» PROBLEM TO WORK ON
Extract the text of each entry below exactly, leaving every image behind.

» SOURCE MATERIAL
^^^^^^^^^^^^^^^^

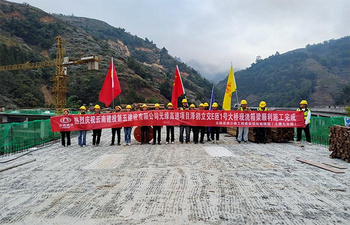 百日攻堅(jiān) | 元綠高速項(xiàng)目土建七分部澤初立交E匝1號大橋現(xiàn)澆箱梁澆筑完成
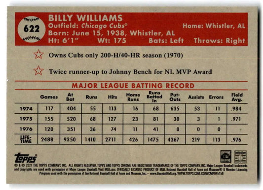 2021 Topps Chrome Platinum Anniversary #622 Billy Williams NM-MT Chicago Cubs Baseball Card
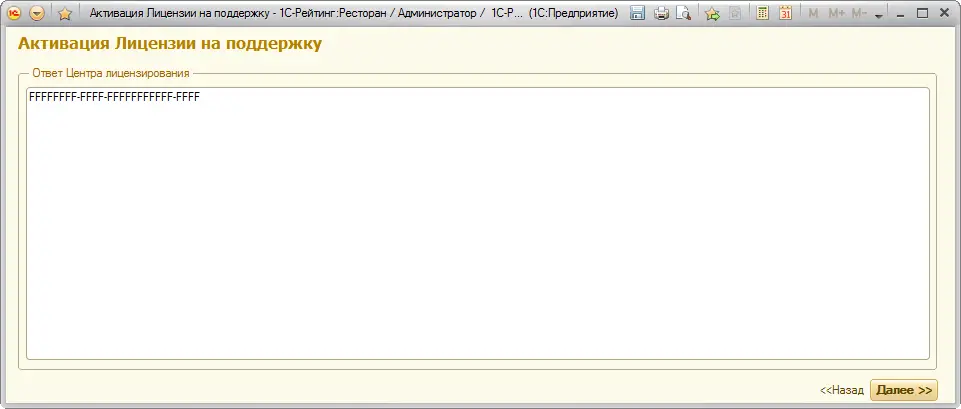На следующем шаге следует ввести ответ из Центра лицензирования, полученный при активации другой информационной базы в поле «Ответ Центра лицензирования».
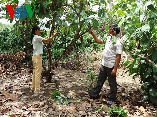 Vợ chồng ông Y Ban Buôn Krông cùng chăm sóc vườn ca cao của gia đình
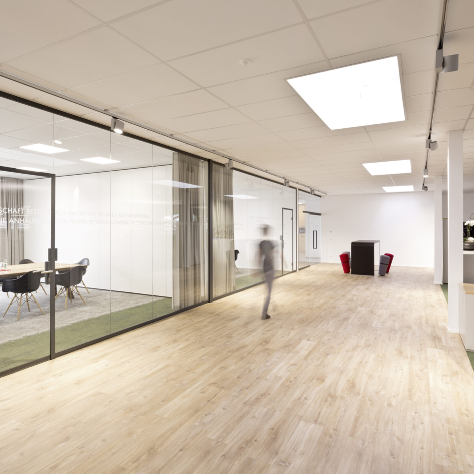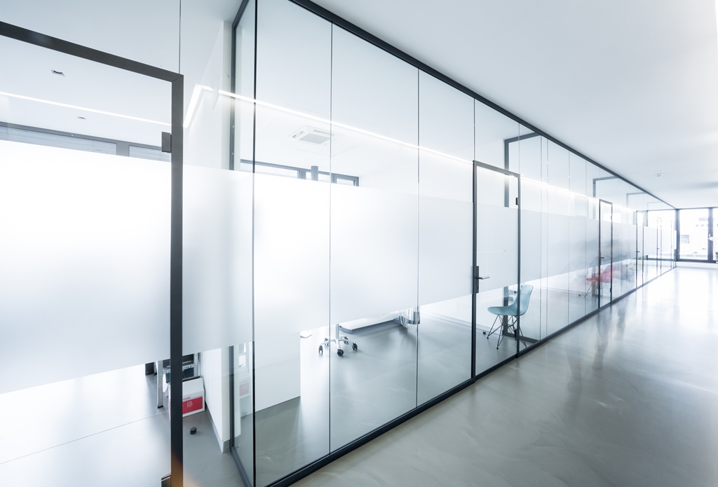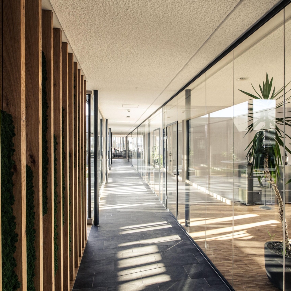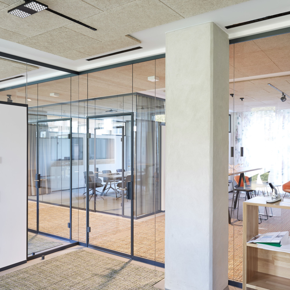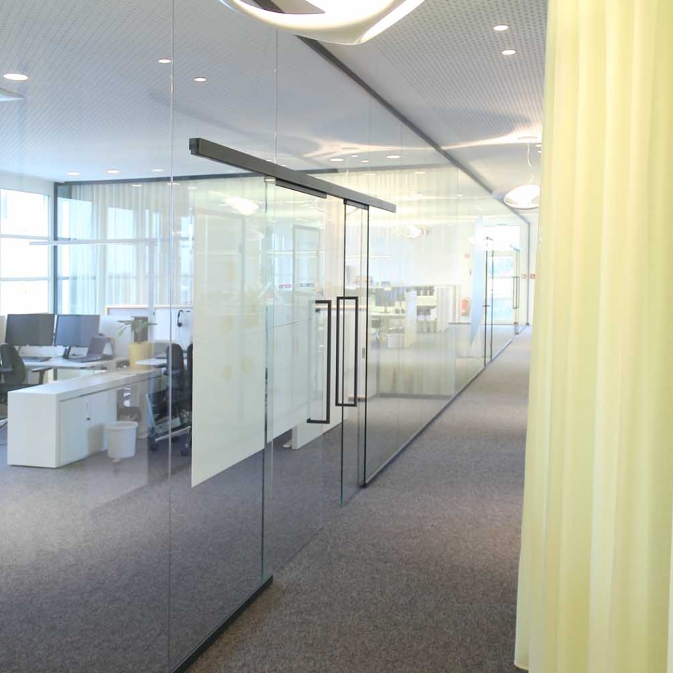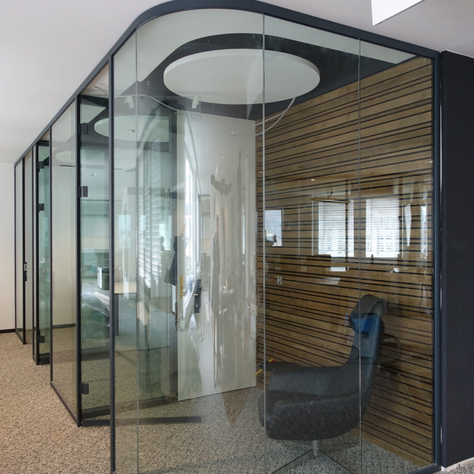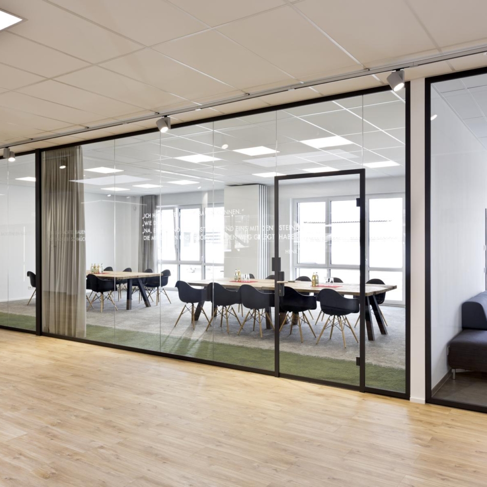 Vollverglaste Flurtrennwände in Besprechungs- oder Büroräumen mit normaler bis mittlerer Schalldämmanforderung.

^^^^^^^^^^^^^^^^

» SOLUTION FOR THIS TASK
 百日攻堅(jiān) | 元綠高速項(xiàng)目土建七分部澤初立交E匝1號大橋現(xiàn)澆箱梁澆筑完成
 2021 Topps Chrome Platinum Anniversary #622 Billy Williams NM-MT Chicago Cubs Baseball Card
На следующем шаге следует ввести ответ из Центра лицензирования, полученный при активации другой информационной базы в поле «Ответ Центра лицензирования».
 Vợ chồng ông Y Ban Buôn Krông cùng chăm sóc vườn ca cao của gia đình
 Vollverglaste Flurtrennwände in Besprechungs- oder Büroräumen mit normaler bis mittlerer Schalldämmanforderung.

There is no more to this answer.